Regarding the cavernous space as an analog for the inside of the human body, Open Wound was Lee’s personal reflection on the relationship between humans and machines by way of her signature aesthetic of juxtaposing the hardness and coldness of industrial components with the softness of fabric. Utilizing over 50 metal chains, Lee created a steampunk environment filled with hanging membranous sculptures she calls “skins.” The nucleus of the constantly evolving installation was situated toward the far east end of the space, where a refurbished turbine had been set in motion, slowly spinning, pumping dark viscous pink liquid through vein-like silicone tubes, before the liquid collected in a large tray underneath. This liquid was then used to dye the skins, which were finally hung together in a structure reminiscent of a large, industrial construction site. The dye gave them a peculiar flesh-like visage, and, once ready, the fabrics were periodically suspended, gradually filling up the grand exhibition venue. 

Installation view of MIRE LEE’s Open Wound, 2024, seven-meter-long motorized turbine, steel, cement, silicone, oil, clay, dimensions variable, at Tate Modern, London. Photo by Oliver Cowling with Lucy Green. Courtesy Tate Modern.

Installation view of MIRE LEE’s Open Wound, 2024, seven-meter-long motorized turbine, steel, cement, silicone, oil, clay, dimensions variable, at the Tate Modern, London. Photo by Oliver Cowling with Lucy Green. Courtesy Tate Modern.

At first glance, Lee’s work was frightening, and reminiscent of dystopian fiction that speculates on a future in which the organic and the machine fuse—symptoms of a certain decay in our society, of Promethean dreams being ignited by too much hubris. This creeping feeling was emphasized by the sound of the rotating turbine, and the drops of liquid amassing in flesh-like pond. Fear and disorientation are nevertheless part of the various degrees of emotional responses that Lee constantly aims to evoke in her audience. According to the press release, Open Wound is “intended to have an unsettling effect on the viewer, evoking a range of contradictory emotions including feelings of tenderness and empathy, as well as melancholy, awe, and disgust.”

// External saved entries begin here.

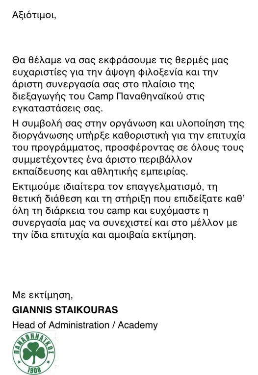 Ευχαριστήριο του υπευθύνου των Ακαδημιών του Παναθηναϊκού στον ΑΟ Τρίκαλα για την φιλοξενία του camp στις εγκαταστάσεις  της Σωτήρας.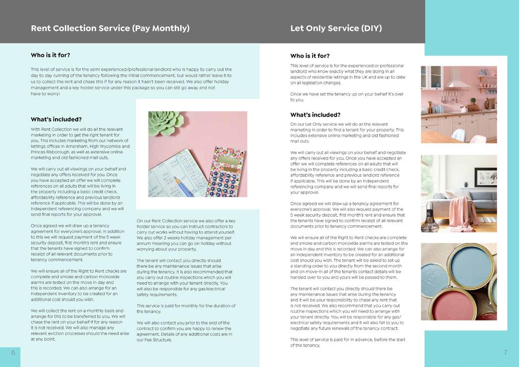 CTA boxes at the foot of each page feature people, interiors and product images utilising the secondary colour palette.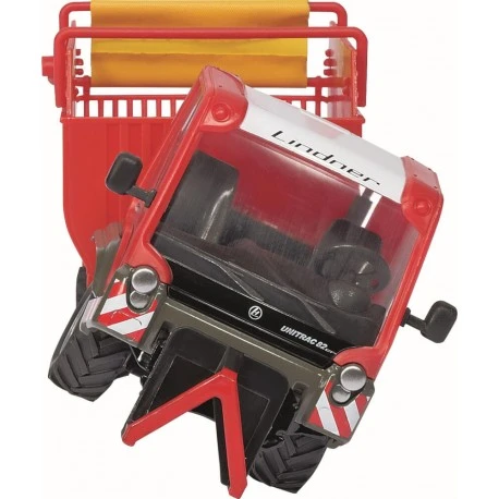 Die Arbeit an Berghängen, hoch gelegenen Weiden und in schmalen Tälern ist die Hauptaufgabe dieses Multifunktionsfahrzeugs, das im landwirtschaftlichen Maßstab 32-fach verkleinert das SIKU-Farmer Sortiment ergänzt. Der Unitrac ist mit einem Gelenk mit Niveauausgleich versehen, welches in unebenem Gelände das Fahrzeug in der Spur hält. Die mit klappbaren Spiegeln ausgestattete Kabine kann seitlich geklappt werden und gibt den Blick auf den detailreich gestalteten Motor frei. Das Kabinendach ist abnehmbar, so dass SIKU-Fahrerfiguren in das Modell gesetzt werden können. Am Ladewagen, der mit einem durch Gravuren angedeuteten Kratzboden aufwartet, wird detailreich die Ladefunktion dargestellt. Der bewegliche Greifarm am Heck des Fahrzeugs ist in Arbeits- und Fahrposition schwenkbar. Mit der Anhängevorrichtung an der Front des Modells lassen sich die verfügbaren SIKU-Frontgeräte auch mit diesem Fahrzeug nutzen. Ab 3 Jahren.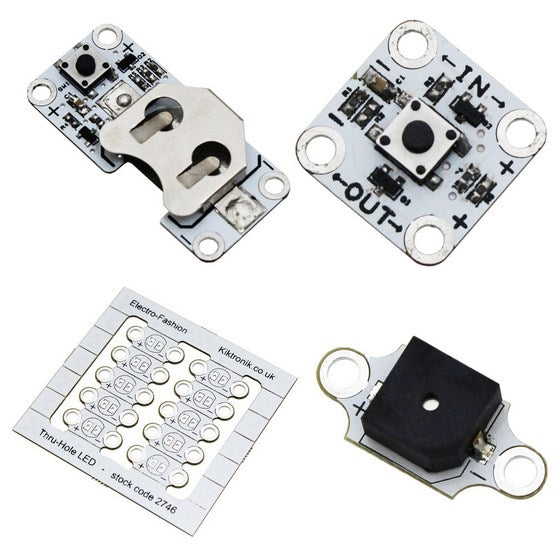 This week, we have gone mad by adding a large number of Electro-Fashion boards so you can have even more options when designing your e-textile projects! We’ve added some new products we know you have been clamouring for including the long-awaited Electro-Fashion, Latching Switch (also available with a built-in Coin Cell Holder), Sewable 5mm LED Holders, a new Sewable Buzzer and an E-textiles Battery.

Setting aside one’s own immediate response and reaction, there was arguably a deeper reflection to be made on the relationship between this site, its resonances, and the intriguing ability of contemporary art to connect historical perspectives to the speculative possibilities of wider narratives concerning our present and our future. At the time of construction, the Turbine Hall was the heart of what was then known as Bankside Power Station, designed in 1947 by Sir Giles Gilbert Scott as a response to the increasing demand for electricity in the city. With a monumental style mimicking a “cathedral of power,” the building embodied the ethos (whether real or imagined) of modernity, and represented forward-thinking values that at that time were informing and reshaping urban life, as well as, more specifically, the architectural development of the city following the second Industrial Revolution. In Charles Dickens’s novel Hard Times (1854), the British author describes industrialization as a process that turns individuals into machines, hinting not only at conditions of labor, but at the rise of capitalism as the de facto socioeconomic framework. Contemplating the chain of production in Lee’s visceral and mechanical installation—which is open and festering, like a wound—created a connection between a difficult past and an uncertain future. The question is: are we still at a threshold, or are we facing a point of no return?

Once a historic space has been transformed, its original function very often gets forgotten. Contemporary critical heritage studies even suggest that the past is never fixed, but exists instead in a kind of “lost temporality” where it remains alive, its meanings and symbols continuing to circulate. Lee’s disturbing installation is a powerful reminder of our current condition. Past, present, future—all uncertain, all full of trauma and insecurity. And perhaps this will be our collective future: our vulnerable flesh merging with the harshness of metal; cyborgs inhabiting a collapsing world.

Valentina Buzzi is an Italian curator, writer, and academic based between Milan, Paris, and Seoul.